How to Eat Well this Winter
See which foods will strengthen your young child’s immune system, so they can fend off coughs, sniffles and sneezes during the chilliest months.
BY HEJIRA CONVERY, KINDICARE
Some people love winter, while others are counting down the days till spring, and whichever camp your family falls into, life is better if you can avoid the winter lurgies that want to latch onto your little one!
So, what to do?
Well, hand hygiene and cough etiquette definitely helps, but healthy food is also really important.
Eating a nutritious diet will help your young child fend off those winter illnesses by supporting and strengthening their immune system; and although most of us know that citrus is packed with vitamin C, an orange segment here and there just won’t cut it!

Your child needs lots of different key nutrients and antioxidants to keep their immune system healthy, and Ewa Szymlek-Gay is here to help you plan the menu.
Ewa is an Associate Professor in Nutrition Science at the Institute for Physical Activity and Nutrition (IPAN) at Deakin University, and she explains that variety is key, and your child needs to consume good food from all five food groups.
She encourages you to follow the Australian Dietary Guidelines to make sure your little one meets their nutrient needs.

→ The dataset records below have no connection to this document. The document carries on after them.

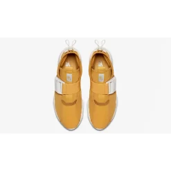 Rip-stop nylon covers the upper in a bright and bold shade of yellow. This is complimented by hits of white which feature to not only the moulded midsole but a chunky strap at the heel and rear.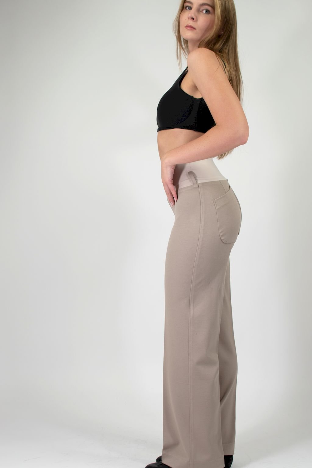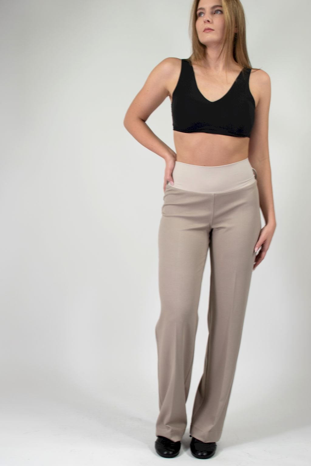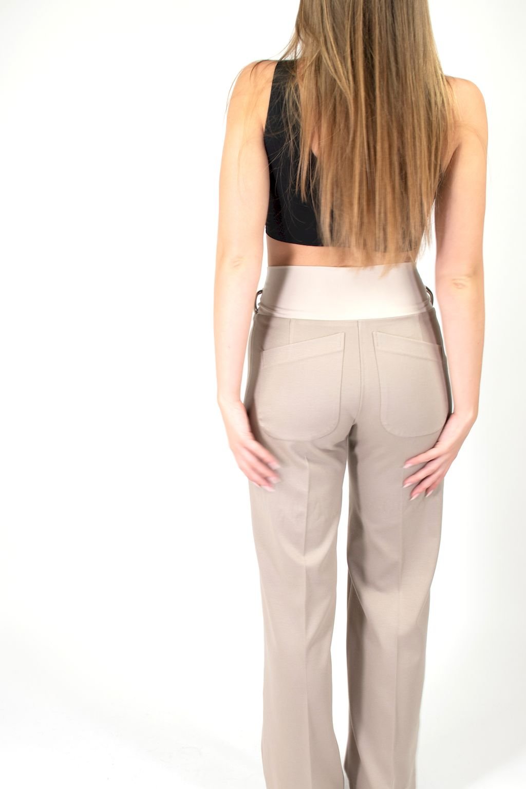 DÁMSKÉ ŠIROKÉ BÉŽOVÉ KALHOTY S PRUŽNÝM PASEM A KAPSAMI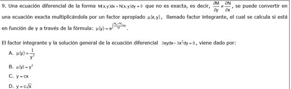 Una ecuación diferencial de la forma que no es exacta, es decir, se puede convertir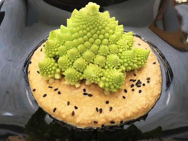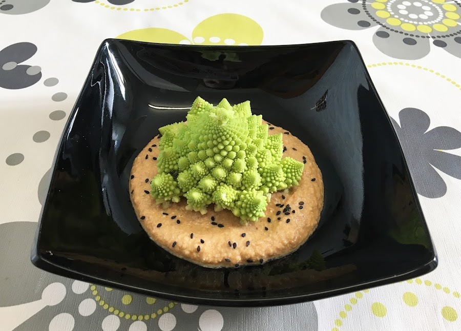 - Emplata con un poco de salsa en la base, el romanesco encima y espolvorea unas semillas de sésamo negro por encima para decorar.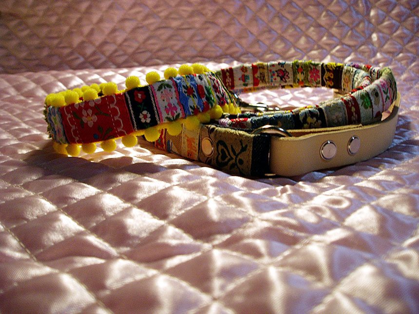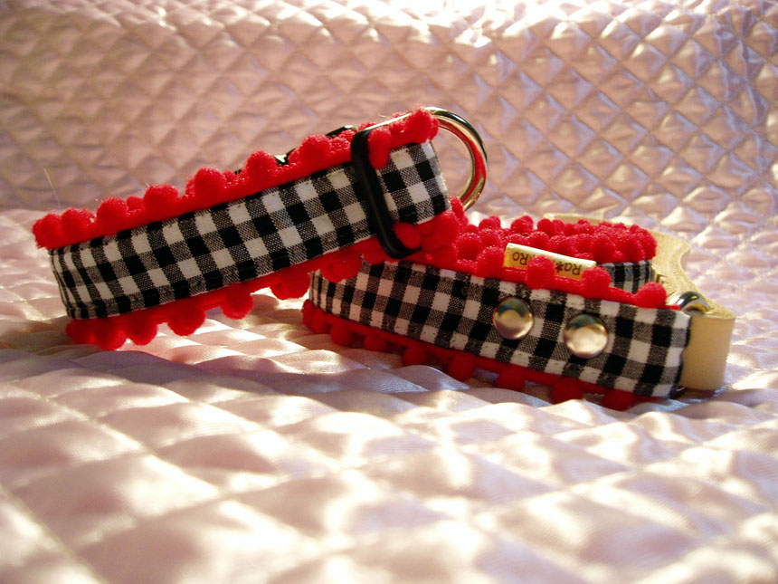 チロルテープのハーフチョークとギンガムチェック&ボンボンのカラー&リード♪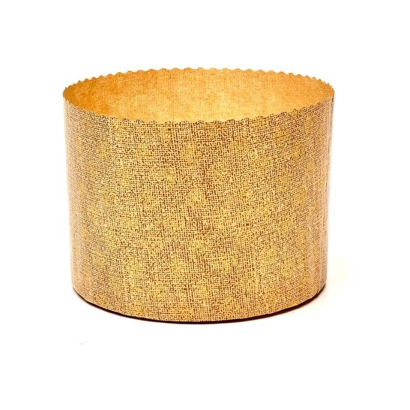 Stampo da cottura per Panettone in carta di pura cellulosa, con esterno colore ecrù e stampa floreale oro, per 1000/1.200 gr di prodotto.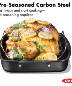 OXO Obsidian Pre-Seasoned Carbon Steel. 15 X 10.5 Roasting Pan with Stainless Steel Roaster Rack. Induction. Black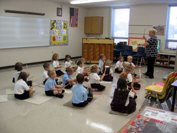 music teacher. Mrs. Slusher teaches music to all grades at St. Mary’s each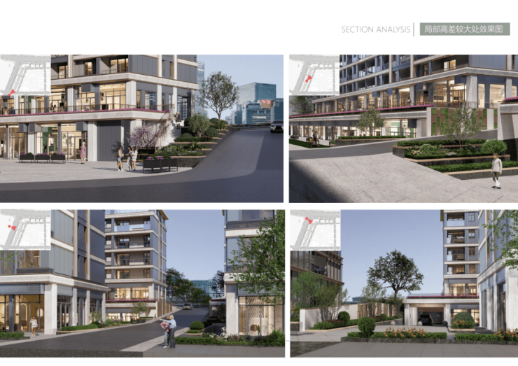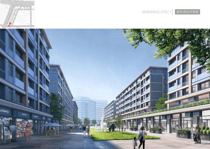 在商业内街打造以街道空间为主轴的景观区,利用建筑的错落布置及场地高差,立体的空间层次与通廊,采用传统与现代相结合的造景手法营造精心别致的园林氛围,形成步移景移、景观丰富、空间多变的巷道空间。

And when it comes to healthy immune function, Ewa says these nutrients are really important:
- Vitamins A, D, C, E, B6, and B12
- Folate
- Zinc
- Iron
- Copper
- Iodine, and
- Selenium
Ewa explains that if your child doesn’t eat enough of these nutrients, as part of a varied diet, their body will find it harder to resist infection, and they’re likely to get sick more often, and for longer stretches of time.

Fortunately, though, immune-boosting nutrients aren’t hard to find!
There are lots of common food sources that contain the key nutrients, and Ewa says:
Vitamin A is found in eggs, full-fat dairy products, oily fish, orange/yellow vegetables (like carrots, pumpkin and sweet potato), and dark green leafy vegetables (such as spinach and kale).
Vitamin D is found in oily fish (like salmon, sardines and mackerel), eggs, and some fortified foods (milks, margarine and cereals).
Vitamin C is packed into citrus fruits (like oranges and mandarins), but it’s also in berries, kiwi fruit, capsicum, broccoli and tomatoes.

Vitamin E is something you’ll find in nuts (like almonds and hazelnuts), sunflower seeds, wheat germ, plant oils (such as sunflower and safflower oils), avocados, peanut butter and green leafy vegetables.
Vitamin B6 is commonly found in poultry, fish, pork, potatoes, bananas, chickpeas and some fortified cereals.
Vitamin B12 is found in meat, fish, eggs, milk and cheese, and also in fortified plant-based milks or cereals.
Folate is in green leafy vegetables, legumes (like beans, lentils and chickpeas), oranges, fortified breads and cereals, plus eggs.

Zinc is contained in lean red meat, poultry, shellfish, milk, cheese, whole grains, nuts and legumes.
Iron is also found in lean red meat (as you’d expect), as well as in poultry, fish, eggs, legumes and iron-fortified breakfast cereals.
Copper is in shellfish, nuts, seeds, whole grains, legumes and potatoes.
Iodine is in iodised salt, seafood (fish, but also seaweed), eggs, dairy products (milk, cheese and yoghurt), and some breads (thanks to the mandatory iodised salt in bread-making).
And last but not least, selenium is found in Brazil nuts, seafood, meat, eggs, whole grains and some dairy products.

You’ll see that there’s a bit of overlap, with foods like eggs and milk containing several important nutrients, but variety really is key.
Your little one needs lots of different foods to fend off those winter lurgies (and stay healthy all year round), so have a look at how you can make their menu interesting and powerful.
Finger food is always popular with under-fives, so you might like to make salmon patties and mini meatballs, serve vegetable sticks with dip, whip up some little frittatas, or spread peanut butter onto whole grain toast fingers.
And with the five food groups covered, and your child’s immune system strengthened, you can go back to loving winter – or counting down the days till spring!